The primary metric displayed on a wearable is a window into its soul, and 10,000 steps is antiquated to the extent that we must question the perspective of manufacturers using it. I commented previously on the wealth of research Apple has captured that led to the prioritization of active minutes, which is in line with the CDC and Surgeon General, and this shows a clear prioritization of health and wellness. 10,000 steps is a vanity metric, which for individuals into fitness, is not harmful even if it is not entirely useful. But for chronically ill people and for corporation populations with a variety of histories, preferences, and abilities, setting any step based benchmark dangerously misses the point and undermines the very intent of corporate wellness programs.

Consider that you wake up and mountain bike for an hour, eat a wholesome breakfast, and polish off the morning with stretching and cross-training. Certainly the start to a healthy day, and yet far off the mark of step count goals. Under a 10,000 step program, no incentives for you, even though you nearly met the CDC's recommended weekly activity in just a single day. Without accounting for the myriad ways to be active and increase wellness, tying workplace incentives to such an arbitrary measure misses the point, and, worst case, hinders improvement.

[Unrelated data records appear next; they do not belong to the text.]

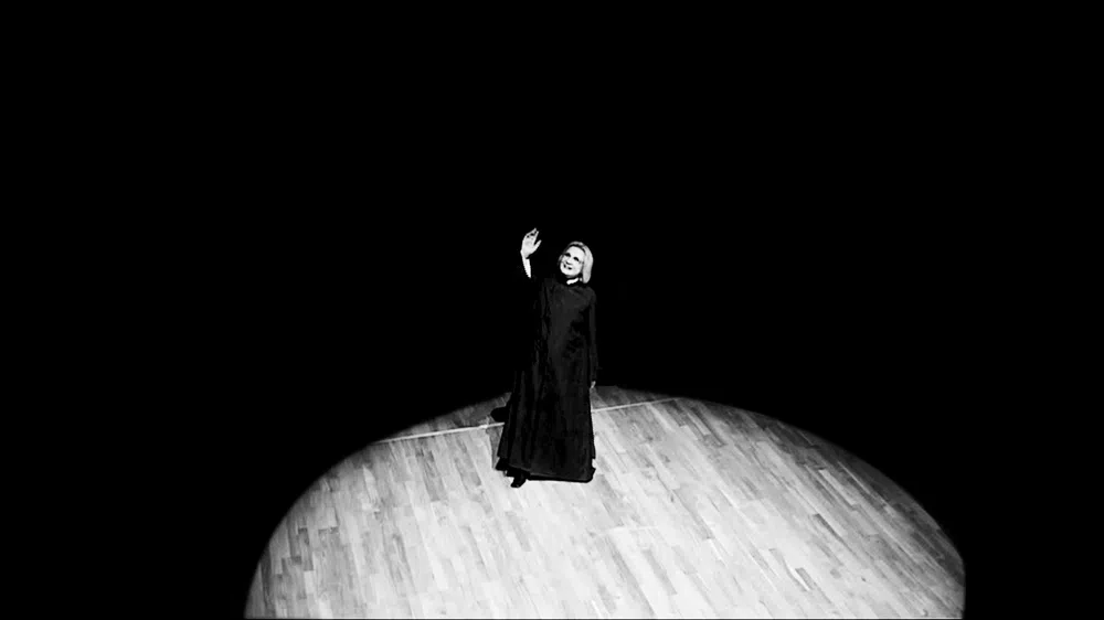 Как бы ни пряталась под маской Посторонней, фильм высвечивает притягательную силу актрисы, моменты ее восхитительного и трагического романа со сценой или камерой. Ее гретогарбовскую холодность, плавящуюся в «сверхчувственных энергиях» и странных сближениях с гениями. Ее жертвенность. «Железная леди», умеющая держать дистанцию между собой и ролью, готова выкладываться до последнего, рискуя собой. В «…Каменном госте» Анатолия Васильева она, едва придя в себя после двух операций, спасала спектакль танцем с кастаньетами, вбивая каблуками в дощатый пол смерть, крик боли.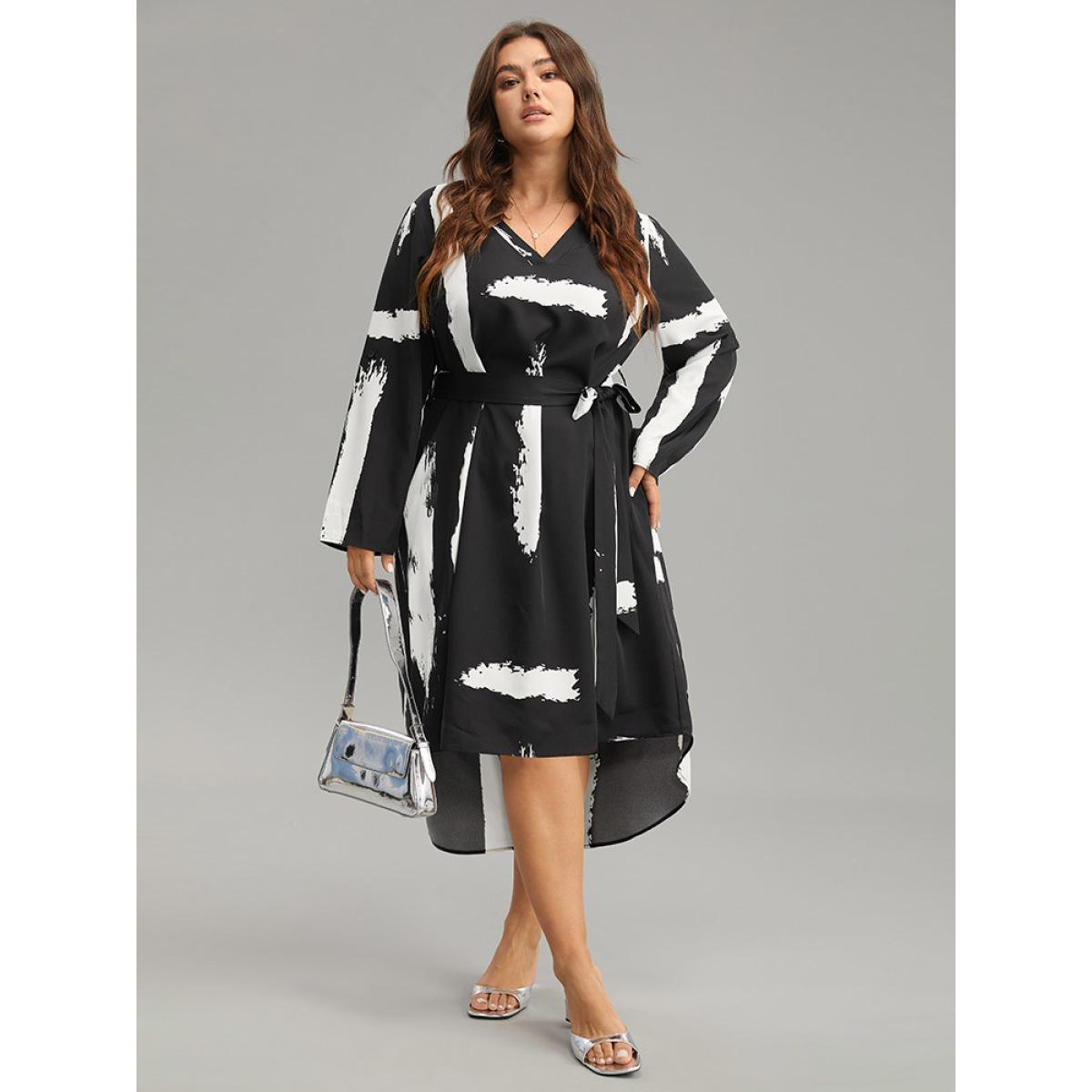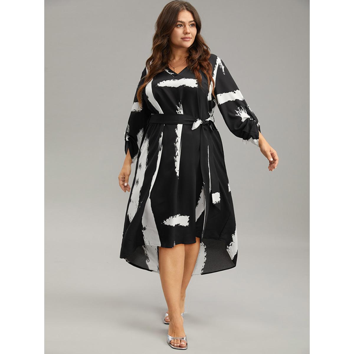 Plus Size Brush Print V Neck Belted Tab Sleeve Dress BlackFlower Women Office Belted V-neck Long Sleeve Curvy Knee Dress BloomChic 28/5X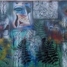 The image features a vibrant abstract composition with swirls, floral motifs, and ferns. Diverse colors blend, creating a dreamlike atmosphere that explores nature's beauty.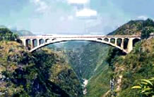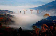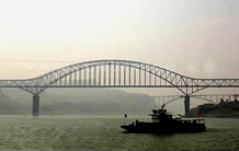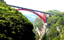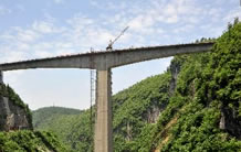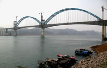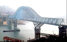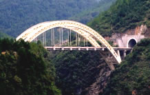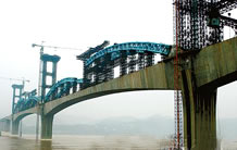 湖北宜萬(wàn)鐵路野三河大橋位于湖北省恩施州建始縣與巴東縣交界處,它是一座主跨為124米不對(duì)稱(chēng)雙線平行雙肋中式復(fù)合鋼管混凝土桁架坡拱橋,由中承式拱橋和下承式拱橋兩部分組成,這種不對(duì)稱(chēng)坡拱橋在國(guó)內(nèi)尚屬首例。該橋由湖北省交通規(guī)劃設(shè)計(jì)院設(shè)計(jì),于2006年3月份開(kāi)工,2007年1月成功合龍。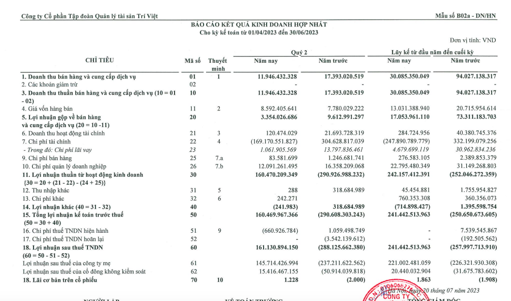 Theo báo cáo tài chính hợp nhất quý II/2023, Công ty cổ phần Tập đoàn quản lý Tài sản Trí Việt (mã ck: TVC) ghi nhận doanh thu thuần đạt 11,9 tỷ đồng, giảm 31% so với cùng kỳ năm ngoái. Nguyên nhân do doanh thu hoạt động môi giới chứng khoán và hoạt động cho vay margin giảm sâu.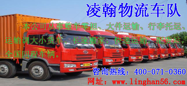 上海凌翰物流有限公司(http://www.linghan56.com/)是一家集公路干线运输、铁路运输、空运代理、仓储配送、搬家包装、市内配送、设备迁移、到达派送、提供物流信息咨询及物流方案设计为一体的综合性物流企业,现已在全国设立 北京、天津、济南、石家庄、西安、太原、武汉、郑州、呼和浩特 兰州、银川、西宁 成都、重庆、昆明、贵阳、拉萨、乌鲁木齐、南宁 合肥、南京、苏州、无锡、常州... 福州、厦门 广州、深圳、海口、三亚等分公司并在全国各地加盟了数百家专线联盟合作单位。公司自备及合同签约集装箱货车、配送车千余部和各种装卸机械,货架式货仓、停车场并且全公司实行电脑网络化运作。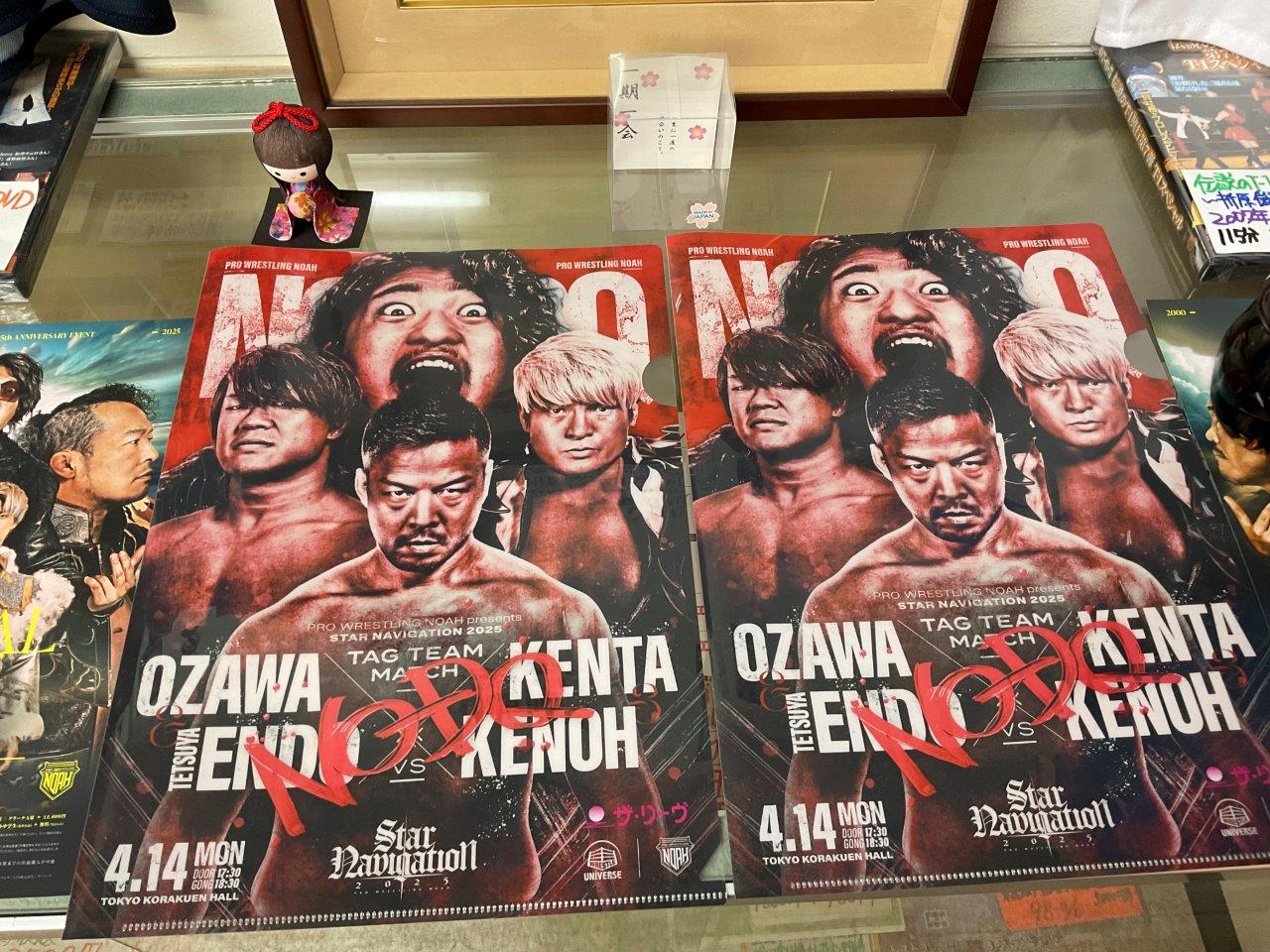 2025年4月14日「プロレスリング・ノア STAR NAVIGATION 2025」後楽園ホールの来場者に、ザ・リーヴ提供・KENTA、OZAWA、遠藤哲哉、拳王のクリアファイルをプレゼントした。

Extend the example to those more in need of access to corporate wellness programs who are at risk for chronic diseases and who account for a substantial majority of shared healthcare costs. Many of these individuals may be incapable of meeting a 10,000 step goal. Wearable tech’s response is “no problem, start with a lower step count, and work your way up.” Such an approach fundamentally misses the individual’s wellness needs, which could be related to diet, stress or exercise limitations. By incentivizing the unattainable, a corporate wellness program centered on such a device metric reinforces the difficulty of healthfulness and, in some cases, actually financially penalizes the participant.

The critical flaw of such a program is that, by failing to engage people at the crux of the healthcare cost issue, it fails to move the needle for the corporation as a whole as well, leading toward the bitter taste of another failed savings program and stigmatizing much needed wellness options as ineffective.

We need programs tailored to personal improvement, and if wearable technology companies intend to lead broader wellness in their foray into corporate programs, then they need to shift the emphasis to active minutes and away from step counts. Wearable-tech-led corporate wellness programs need to move beyond a singular, arbitrary measure like step counts and shift their paradigm to incentives based on an individual’s path to wellness.

Disclosure: My firm, Moor Insights & Strategy, like all research and analyst firms, provides or has provided research, analysis, advising, and / or consulting to many technology companies in the industry. I do not hold any equity positions with any companies cited in this column.